Effect of an exercise program aimed at minimizing the compensatory movements, at the proximal level, of the affected upper extremity of children with Unilateral Cerebral Palsy during the execution of bimanual activities, evaluated with Artificial Intelligence. Randomized Clinical Trial
Unilateral spastic cerebral palsy (CPUE) produces an alteration of the contralateral hemicosis, with the upper limb (ES) being more affected and presenting motor deficits and postural control that make activities of daily life difficult. This last deficit originates from difficulties in bimanual performance and triggers bodily compensations during development. Scientific evidence indicates that work in the proximal part of this ES most affects the bimanual functionality of the child.
Planned Activities
PHASE I
For data registration, 2 videos will be obtained from both subjects in which the trajectories of the movement markers will be extracted.
Features of video recording:
- Chamber model of the project
- Resolution of the chamber
- Camera position: Placed on a tripod 30 cm away from behind where the patient is sitting.
- Frame and center the video in the area of both shoulders to the base of the glutes
- White and smooth background
- Position of the subject: Sitting on a stool without support and the feet must touch flat on the floor.
- The back plan has been chosen since it is where the compensations can be better observed.
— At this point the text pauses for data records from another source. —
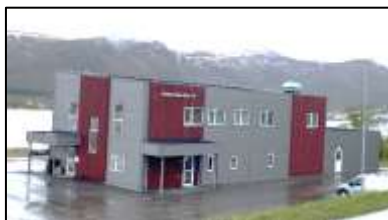
Hadsel eiendom KF sine lokaler på Børøya

De med behov for bolig tar ofte kontakt med ulike instanser i kommunen, og derfor koordineres en god del av disse forespørslene i jevnlig tverrfaglige bolig møter. Hadsel eiendom KF forvalter kommunale utleieboliger, og innkaller jevnlig til bolig møtene der NAV, flykningetjenesten, tjenestekontoret og evt. andre aktuelle deltar. I disse møtene blir bl.a. tildeling av kommunale leieboliger diskutert, så også andre løsninger i det ordinære markedet. Det er behovet og ikke hvor lenge du har stått på lista som er først og fremst avgjørende. Bolig møtene vil bli enda mer sentrale i fremtiden i forhold til oppfølging av den nye loven.
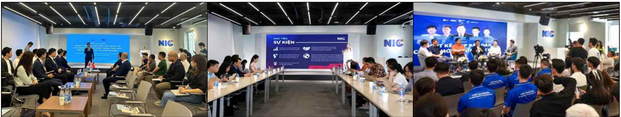
월간 라운드테이블 비즈매칭
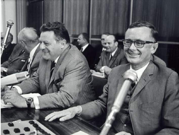
Ministr financí Franz Josef Strauss a ministr hospodářství Karl Schiller (Bonn, 1968)
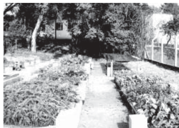
Viveiro Público mantido pela SEMADU

A luta para a preservação do meio ambiente deve ser diária e necessariamente precisa contar com a participação de todos: poder público e população, ou então a saúde e qualidade de vida das próximas gerações ficarão comprometidas. Reflexão: 'Para que amanhã
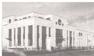
Ansicht des neuen Gebäudes der M. Züblin AG in Wallisellen

Erfolg strahlt auch der architektonisch herausragende, klassisch anmutende Firmensitz an der Winterthurerstrasse 30 in Wallisellen aus, der im letzten Herbst bezogen wurde. Das neue Gebäude ist – wie könnte es anders sein – mit allen möglichen Hightechgeräten ausgerüstet. Das Licht wird ausschliesslich von Sensoren und intelligenten Stromsparleuchten gesteuert; herkömmliche Lichtschalter sind keine vorhanden. – Kontakt: www.zublin.ch
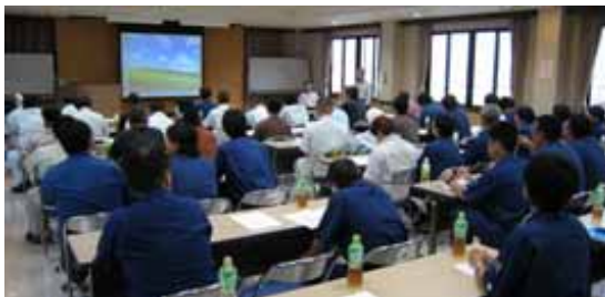
気仙沼・南三陸地区連絡協議会勉強会
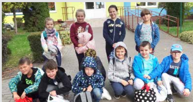
Klasa II przed wyjazdem na baseny w ramach programu „Umiem pływać”

Wigilia św. Andrzeja to czas, aby poznać tradycje andrzejkowe. Pierwszaki nie tylko się z nimi zapoznali, ale przede wszystkim
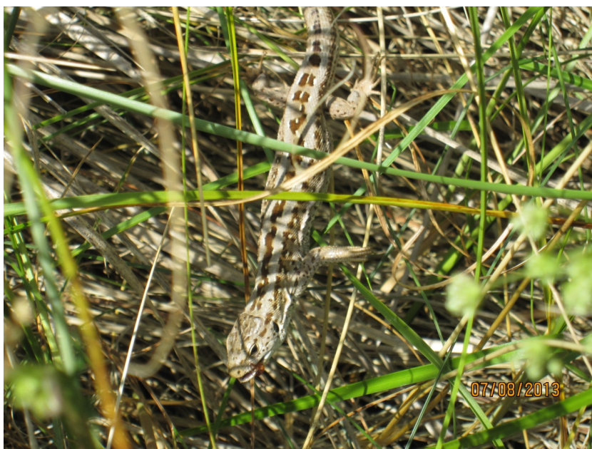
Markfirben ved Tirpitz

Udover markfirben er der ikke kendskab til forekomst af andre bilag IV-arter i det berørte område. Området har dog en karakter, der gør det velegnet som overvintrings- og rastelokalitet for bilag IV-arten strandtudse. Arten findes i denne del af kommunen, og da der er flere potentielle ynglelokaliteter inden for artens mulige vandringsafstand, vurderes det som muligt, at strandtudsens forekomster ved Tirpitz-bunkeren. Områdets betydning for strandtudsens forekomster er dog næppe væsentligt, da de potentielle ynglelokaliteter ikke virker optimale (bedømt ud fra luftfotos) og alle er beliggende i en afstand af mere end 700 m.

The bimanual activities of daily living (AVD) to be developed will be the following:
- Unscrew the cap of a bottle.
- Put stick glue on a piece of paper.
- Zip up a jacket.
- Take off this jacket.
- Bring a tray.
- Comb the back of your head.
- Touch the lumbar part of the back.
The first 5 are part of the Childrens Hand-use Experience Questionnaire 2.0 test (CHEQ 2.0). These are activities of daily living that accentuate the decompensations in addition to covering all the movements that the scapula performs.
Inter-rater reliability will be assessed using DeepLabCut software, which uses semi-automatic labeling with a convolutional neural network (CNN).
The training of the neural network will be carried out by researcher 1 and 2, based on the manual labeling of n = 20 significant frames, obtained from a k-means clustering algorithm.
The intra-rater reliability will be assessed in the same way after the passage of one week.